▶ **What you need to do**:
What you return should be the complete listing, unchanged, with no pictures in it.

▶ **Dataset section**:
- - - - - - -
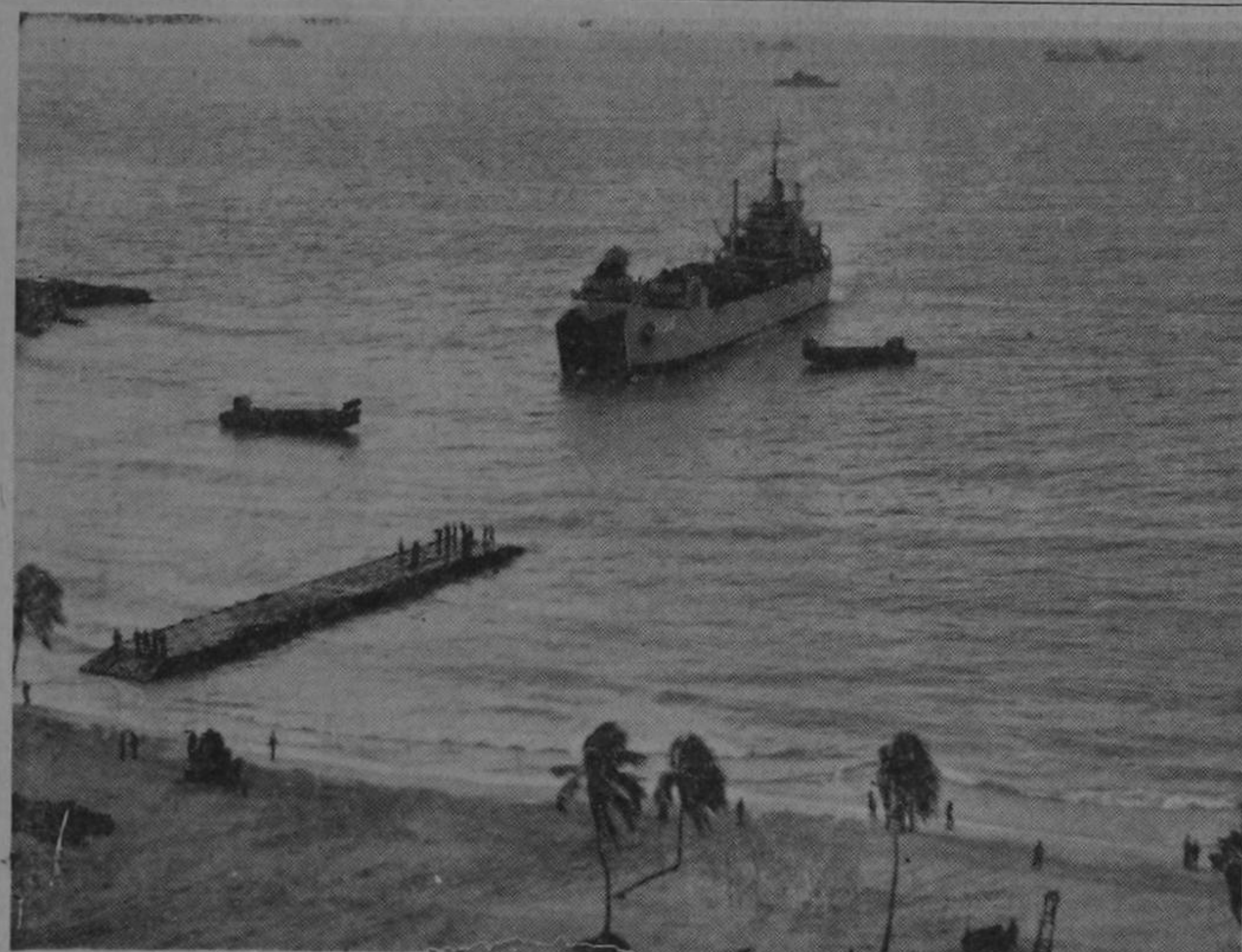
"USS TALBOT COUNTY", diseñado para el desembarco de tanques de tipo mediano y apoyo a las tropas de desembarco descansa en la Bahía de Limón en breve visita que realizó esta semana a nuestro Puerto del Atlántico.
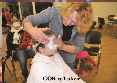
GOK w Łukcie
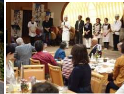
地元との交流 地産地消食事会の様子
- - - - - - -
▶ **Task result**:
"USS TALBOT COUNTY", diseñado para el desembarco de tanques de tipo mediano y apoyo a las tropas de desembarco descansa en la Bahía de Limón en breve visita que realizó esta semana a nuestro Puerto del Atlántico.
GOK w Łukcie
地元との交流 地産地消食事会の様子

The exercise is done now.